Он жил тогда в страшном сне. Жена терпела и ждала. Дома было тихо, как в гробу. Сынишка приходил из садика и тихо возился с кубиками на полу в коридоре. Обедали. Страшно, страшно и тихо было ждать. В пятницу он получил аванс и один напился так, что его спасла реанимационная служба. Он не попал в вытрезвитель, потому что, выпив два литра водки, он спокойно и чинно шел по неизвестному ему маршруту, но потом в людном месте всплеснул руками и без крика повалился на пешеходный переход под ноги прохожим и колеса машин.
Котька не вернулся домой и не пошел к той. Он пил. Его перевели сюда из жалости начальников, которым он всем успел сделать по два раза ремонт на квартирах. И потому они знали его, жалели. Все-таки он был великий мастер, да сломался вот на этом — на любви. Это в нем уважали все. «Это у нас уважают», — так сказал Галкин.

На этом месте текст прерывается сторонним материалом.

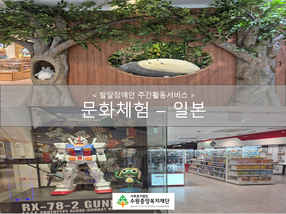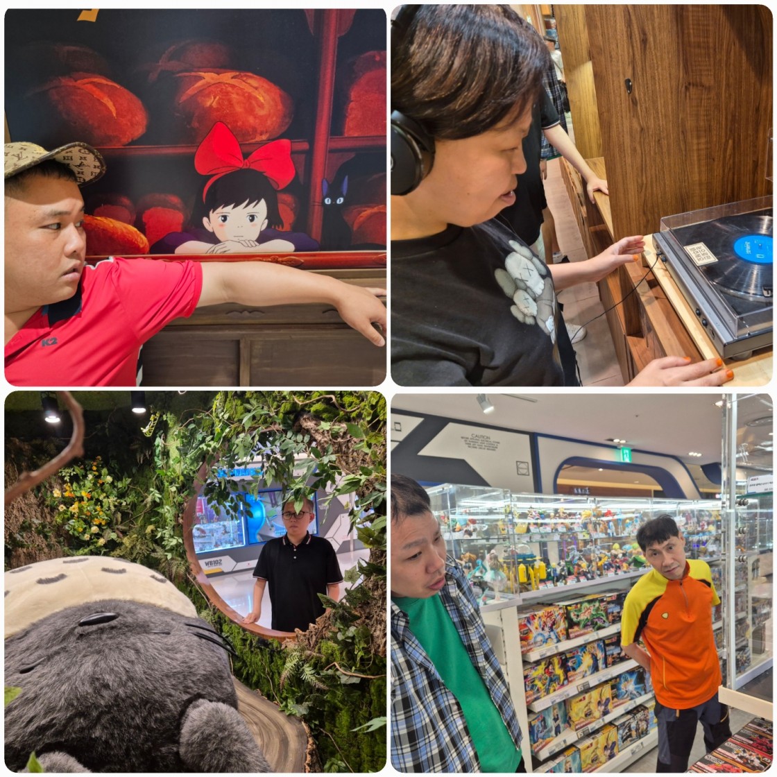 금일 수원AK백화점 내부에 있는 도토리숲(지브리 캐릭터 굿즈샵)과 건담프라모델 굿즈샵을 방문하였습니다. 영화에서 봤던 캐릭터 상품이 진열되어 있는 것을 보고 흥미를 보이며 서로 이야기를 나눴습니다. 과거의 영상 매체에서 봤었던 로봇이나 캐릭터를 보고 반가워하는 이용인도 있었습니다. 서로 대화를 하고 포토존에서 사진도 촬영하며 친밀도를 높일 수 있었습니다.

Теперь, после суда, на котором жена не кричала, кстати, а только жалобно и недоуменно смотрела на него, так что суд прошел чинно, к удивлению судьи, который ждал визгу и слез, поскольку видел анкетные данные, — теперь, после суда, у него вычитали алименты. Он мог не думать о доме, но со всеми говорил и надоел всем разговорами о сынишке. Потом и это прошло. И осталась от него тень. И осталось непревзойденное его мастерство, выпивка, сон на земляном полу в складах.
…Запаха сушилки в нижних коридорах сейчас не было, потому что его выскваживало быстрым потоком заоконного воздуха через открытые рамы второго этажа. Пацаны не шли с тележкой, а бежали вдоль коридора, причем Кутырев тормозил подошвами сколько мог; Женька, вцепившись в перекладину, ехал сзади, как на салазках. Песок и цемент хрустели под ногами.

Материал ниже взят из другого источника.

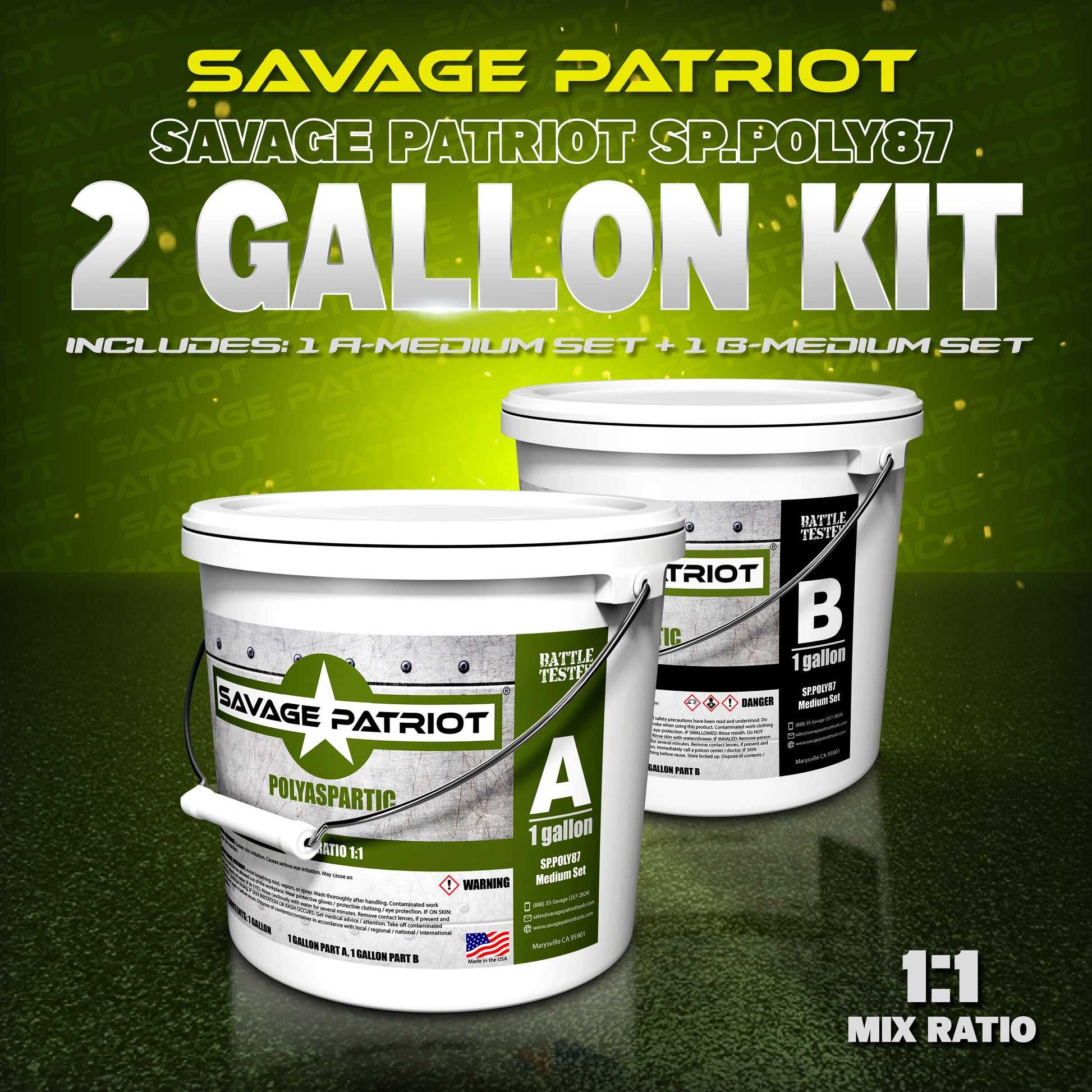 SP-Polymers SP.POLY87 (1:1 Polyaspartic Topcoat) LOW ODOR Slow Set Set 2 Gallon Kits

— Брось, Женька, — сказал Кутырев. — Тише давай на спусках, а то сшибем кого-нибудь насмерть.
Подпертый узко расставленными рукоятками под ребра, спиной ощущая холодный напор стальных поперечин, он чувствовал себя беззащитным, слабым: он не контролировал движения груза.
Женька сказал:
— Ладно.
Они мирно и медленно теперь спустились еще одним переходом и вышли в зал разгрузки, в широкий просторный цех. Справа вдоль окон с покатыми металлическими подоконниками стояли десятки груженых телег в очередях к окнам. С них рулоны выкатывали на полированный металл, и они скользили прямо в кузова. Зал располагался на высоте полуторного этажа.
Они быстро шли к своему окошку, и Кутырев выгнулся и начал тормозить; ему показалось, что они слишком уж быстро приближаются к последней из груженых перед ними тележек. Он еще затормозил, и они почти остановились.
— Тормози, — сказал Женька и тоже потянул назад.
Кутырев увидел, что они немножко не успевают, что рукоятки с его стороны, рукоятки, которые он крепко сжимал сверху кистями рук и держал локтями, заходят под широкую поперечину предыдущей телеги.
— Тормози! — закричал он.
И Женька, видимо, повис на своем краю груза, и Кутырев тоже откинулся и не услышал, а скорее почувствовал, как бухта обоев над его головой пошла назад, на Женьку, и вообще весь груз моментально и неслышно переместился назад; одна бухта мягко рухнула на пол. Кутыреву прижало кисти под поперечиной. Он смотрел на руки; прижало совершенно одинаково мясистые части между большим и указательным пальцами. Они были белыми, эти места. И медленно, как при ожоге, подошла и овладела руками боль. Это было так странно, что Кутырев не смог выдохнуть.
Женька подошел.
— Чуть не убило, — сказал он. — Нагрузили лишнего.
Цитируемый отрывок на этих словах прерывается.